Comte saw that the scientific method can be applied to social problems and held that the scientific method is the main source of positive knowledge. As natural science has contributed to our understanding of natural phenomena, sociology can help us to understand social phenomena. Comte also saw that the experimentation in social sciences, if strictly patterned after physical sciences, would not be able to capture significant social issues. He therefore advanced the method of natural experiments, where social scientists wait for significant social event to happen and then study these events by using quantitative methods. Core methods of social sciences are observations and quantification of observations. Statistical methods and the visual representation of data are well suited for this task. Statistical methods can also be helpful in establishing relationships between observations as to unravel their common underlying structure. Perhaps the most important part of observation is the selection of relevant events for scientific study. In this, the scientist should be guided by theoretical considerations. Experimentation, a central method of research in the physical sciences, is only of limited utility within social sciences as human affairs are often not subject to direct experimentation. However, whenever the regular flow of social events is disrupted or interrupted by some significant event, a social experiment can be said to take place.

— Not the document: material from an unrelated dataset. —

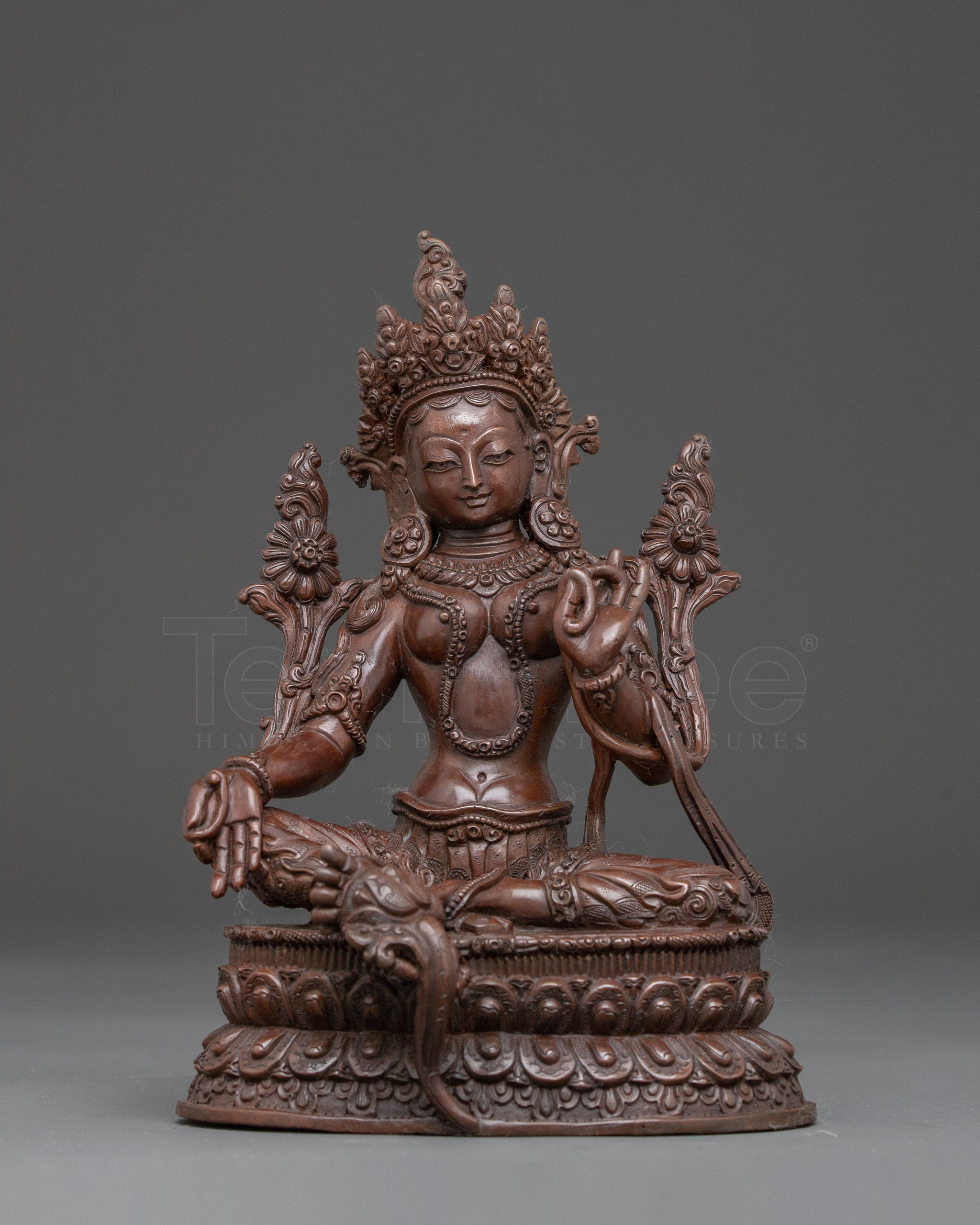 Green Tara sits gracefully upon a blooming lotus throne, symbolizing purity and spiritual awakening. Her right leg extends forward, ready to step into the world and offer aid, while her left leg remains folded in meditative stillness. She holds a blossoming lotus in both hands, embracing tranquility and the blossoming of enlightenment. Her right hand reaches out in the gesture of giving, offering blessings and compassion to all beings. At the same time, her left hand gently holds a blue utpala flower, a symbol of purity and protection. Adorned with a five-pointed crown representing the Five Dhyani Buddhas and elegant ornaments, she radiates divine wisdom and beauty.
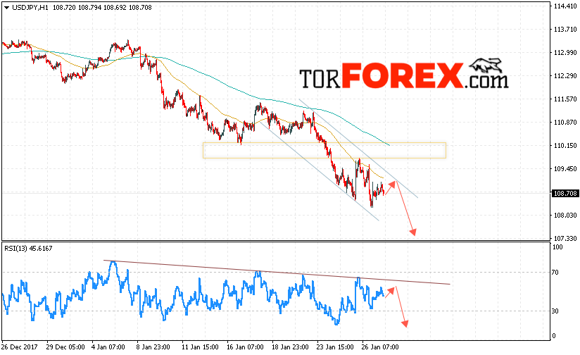 Таким образом, USD/JPY прогноз Доллар Иена на 30 января 2018 предполагает попытку теста верхней границы нисходящего канала вблизи области 108.90 и продолжения падения в область ниже уровня 107.60, в пользу падения выступит тест линии тренда на индикаторе относительной силы.

The downing of a Korean civilian airliner by the Soviet Air Force on September 1, 1983 for violating Soviet airspace, killing 269 persons aboard, was one such event interrupting the regular flow of human affairs, which we used as a social experiment, described in this chapter. Another event interrupting the flow of events was the Watergate scandal which helped us to recognize the utility of paired comparisons as a sensitive gauge of social events. In this chapter we discuss this type of methods and their role in the social sciences within the framework of Arens book, The Man-Eating Myth: Anthropology and Anthropophagy where he espouses his atrocity attribution theory.

Cannibals of the Caribbean

Throughout history, accusations of atrocities have been one of the most effective tools of attitude change  and have often preceded hostilities between people or nations. A prototypical form of atrocity attribution is the accusation of cannibalism. The term cannibal was coined during Columbus’ times after the name of Caribs, a West Indian tribe with a reputation for eating their enemies. Following Columbus’ discoveries, the Spanish monarchy adopted a policy prohibiting the enslavement of natives in the new territories. However, the royal mandate for the West Indies contained a clause excluding cannibals from royal protection. Repeatedly, this clause was invoked to derive an economic advantage from human bondage.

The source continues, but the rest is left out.